Este estudo aponta um perfil de óbitos perinatais com alto potencial de evitabilidade, em sua maioria, de fetos e recém-nascidos a termo e peso adequado ao nascer, condições favoráveis à viabilidade fetal e neonatal. Predominam as mortes por asfixia evidenciadas tanto pela classificação de evitabilidade de Wigglesworth quanto pela causa básica de morte. Identifica-se alto percentual de falhas assistenciais, especialmente relacionadas à admissão da gestante na maternidade e ao seu acompanhamento durante o trabalho de parto e parto.

O estudo a partir da investigação de óbitos considerados eventos sentinelas permite identificar aspectos que devem ser enfrentados pelos serviços de saúde, para a promoção de um nascimento seguro e a prevenção de mortes evitáveis.Nesse sentido, a Comissão Perinatal de Belo Horizonte vem desenvolvendo ações para a qualificação da assistência nas maternidades e o trabalho em rede. Estas ações posteriormente devem ser avaliadas quanto ao possível impacto na melhoria da atenção nas maternidades e na redução da mortalidade perinatal no município.

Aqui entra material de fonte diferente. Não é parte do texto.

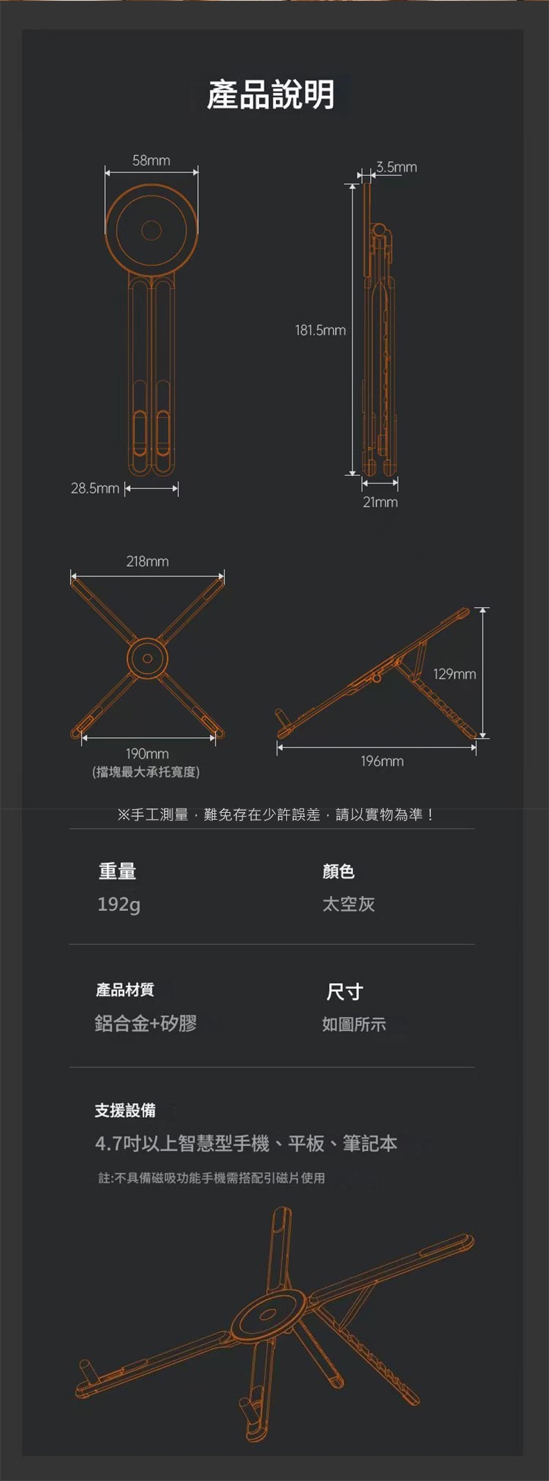 ◆支援:4.7吋以上智慧型手機/平板/筆記本

Enfim, para melhorar a assistência e os indicadores perinatais, é preciso haver investimentos direcionados para os serviços de saúde, a formação profissional e a informação das mulheres e da sociedade como um todo, sobre a existência de tecnologia e de direitos que favorecem um nascimento mais seguro e humanizado. O trabalho deve ser desenvolvido de forma integrada e contínua, incluindo planejamento e ações do setor saúde e intersetoriais.